Scott Hocknull and his international team have compared fossil evidence of Komodo dragons and other giant varanids in order to reconstruct the palaeobiogeography of the world's largest land-based lizards. The researchers hope this will have implications for the conservation of the Komodo dragon, which is now found on just a few isolated islands in eastern Indonesia, between Java and Australia, and vulnerable to extinction, probably due to habitat loss and persecution by modern humans over the last few millennia.
It was previously thought that the Komodo Dragon evolved its large size as a response to insular island processes, lack of carnivore competition, or as a specialist hunter of pygmy elephants called Stegodon. However, Hocknull and colleagues report that the ancestor of the Komodo dragon most likely evolved in Australia and spread westward, reaching the Indonesian island of Flores by 900,000 years ago. Comparisons between fossils and living Komodo dragons on Flores show that the lizard's body size has remained relatively stable since then—a period marked by the extinction of the island's megafauna, the arrival of early hominids by 880,000 years ago, and the arrival of modern humans by 10,000 years ago. Within the last 2,000 years, however, their populations have contracted severely.
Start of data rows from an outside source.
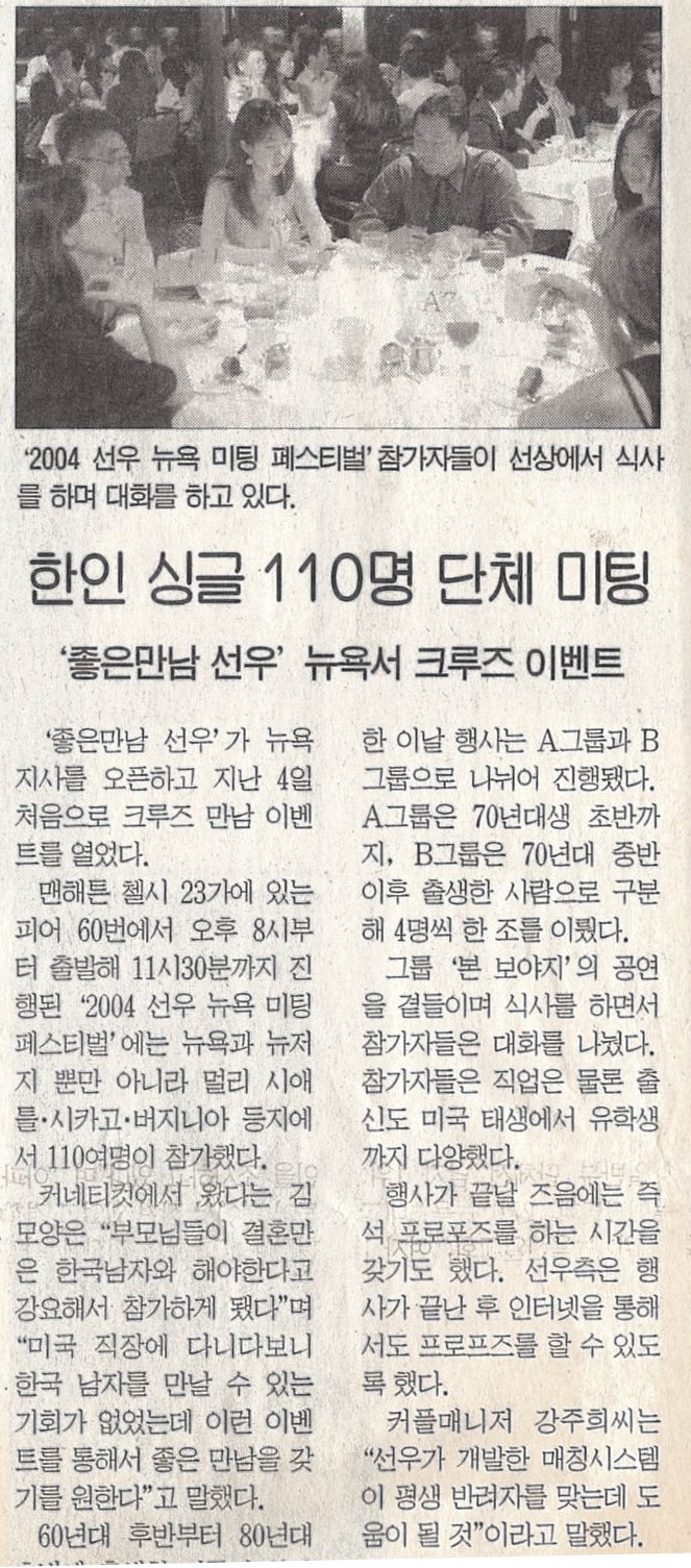 좋은만남 선우' 뉴욕서 크루즈 이벤트결혼정보회사 선우가 뉴욕 지사를 오픈하고 지난 4일 처음으로 크루즈 만남 이벤트를 열었다. 맨해튼 첼시 23가에 있는 피어 60번에서 오후 8시부터 출발해 11시30분까지 진행된 '2004 선우 뉴욕 미팅 페스티벌'에는 뉴욕과 뉴저지 뿐만 아니라 멀리 시애틀 시카고 버지니아 등지에서 110여명이 참가했다.
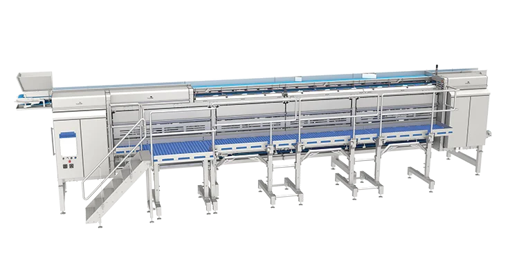O sistema avançado da Foodmate oferece automação precisa e eficiente para cortar frangos inteiros em diversos tipos de partes, formas e tamanhos.
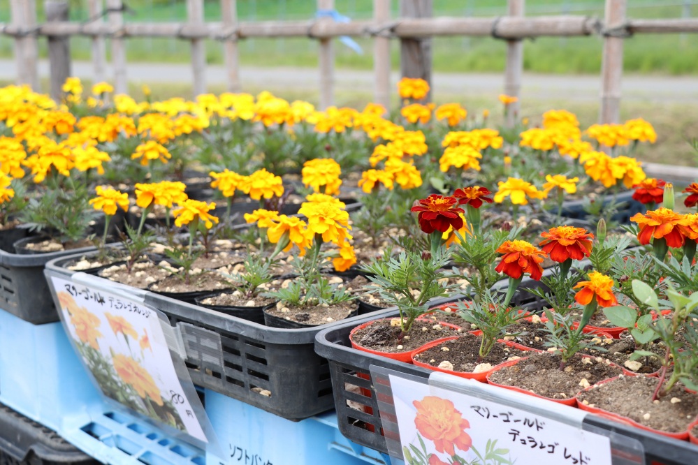減農薬栽培で生産された農作物の購入や収穫体験ができます。直売所には新鮮な野菜や卵、手作り味噌、花・野菜苗などが豊富に並びます。
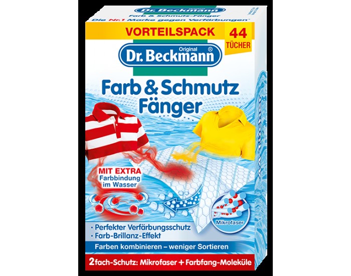 Салфетки-ловушки для цвета и грязи Dr.Beckmann – специальные салфетки, которые позволяют стирать одновременно белую и цветную одежду. Во время стирки цветная ткань может выделять красящие компоненты, которые с водой попадают на соседние вещи. Происходит окрашивание тканей в ненужные цвета. Салфетки-ловушки Dr.Beckmann обладают особыми впитывающими свойства и нейтрализуют красящие компоненты. В итоге цвет одежды остается неизменным. Благодаря микропорам салфетки абсорбируют краску, попавшую в воду. Подходят для стирки любой одежды при любом температурном режиме. Можно использовать как для машинной, так и для ручной стирки.
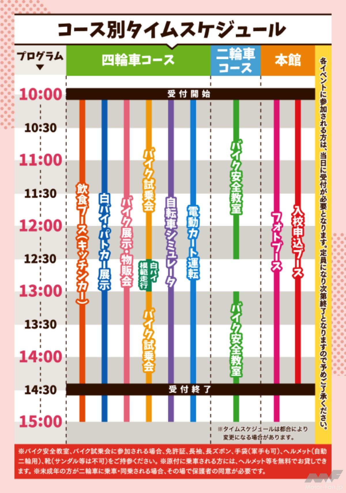 2025年4月29日(火・祝)、福岡市西区の姪浜ドライビングスクールにて、「第14回 春のバイクフェスタ in 姪ドラ」が開催される。このイベントは約500人規模を想定し、家族連れでも楽しめる内容となっている。当日は、最新バイクの試乗・展示、白バイ隊員による模範走行、安全教室などが実施される。また、子ども向けの電動カート運転体験や自転車シミュレータ、キッチンカーの出店も予定されており、幅広い年齢層が楽しめるプログラムが用意されている。会場には60台分の駐車場が完備されており、アクセスも良好。入場は無料で、開催時間は10時から15時まで。バイク愛好者はもちろん、家族でのレジャーとしても最適なイベントとなっている。

Further support for the theory that the giant varanids dispersed to Indonesia from Australia comes from the island of Timor, located between Australia and Flores. Three fossil specimens from Timor represent a new (unnamed) species of giant monitor lizard, which was larger than the Komodo dragon (although smaller than Megalania). More specimens of this new Timor-Australian giant lizard are needed before the species can be formally described.